In the Interest of B.T., Minor Child, N.T., Mother
17-0773
| Iowa Ct. App. | Sep 13, 2017Background
- B.T., born 2015 with a congenital heart defect and one kidney, was removed from parental custody in March 2015 after DHS involvement arising from parents’ homelessness, medical needs, and domestic violence.
- The child required specialized feeding and ongoing medical care; parents and child had hygiene-related health issues at birth (lice/scabies treated).
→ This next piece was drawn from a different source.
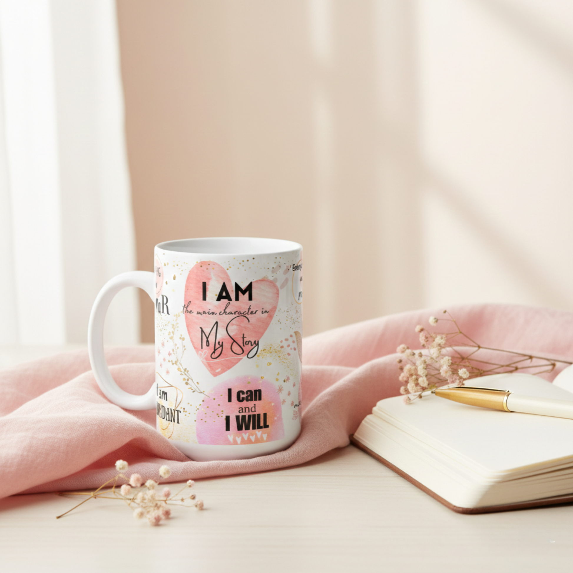 I Am Affirmation Ceramic Mug – Pink Peach Theme | Inspirational Daily Mug

- The child was adjudicated CINA (child in need of assistance) in March 2015 and remained out of the mother’s care continuously through the termination hearing in April/May 2017; no trial home placements occurred.
- The mother completed some training but admitted she was not current on the child’s medical/feeding needs and had not engaged in recommended mental-health therapy despite a borderline personality disorder diagnosis; she also had an ongoing history of being a victim of domestic violence.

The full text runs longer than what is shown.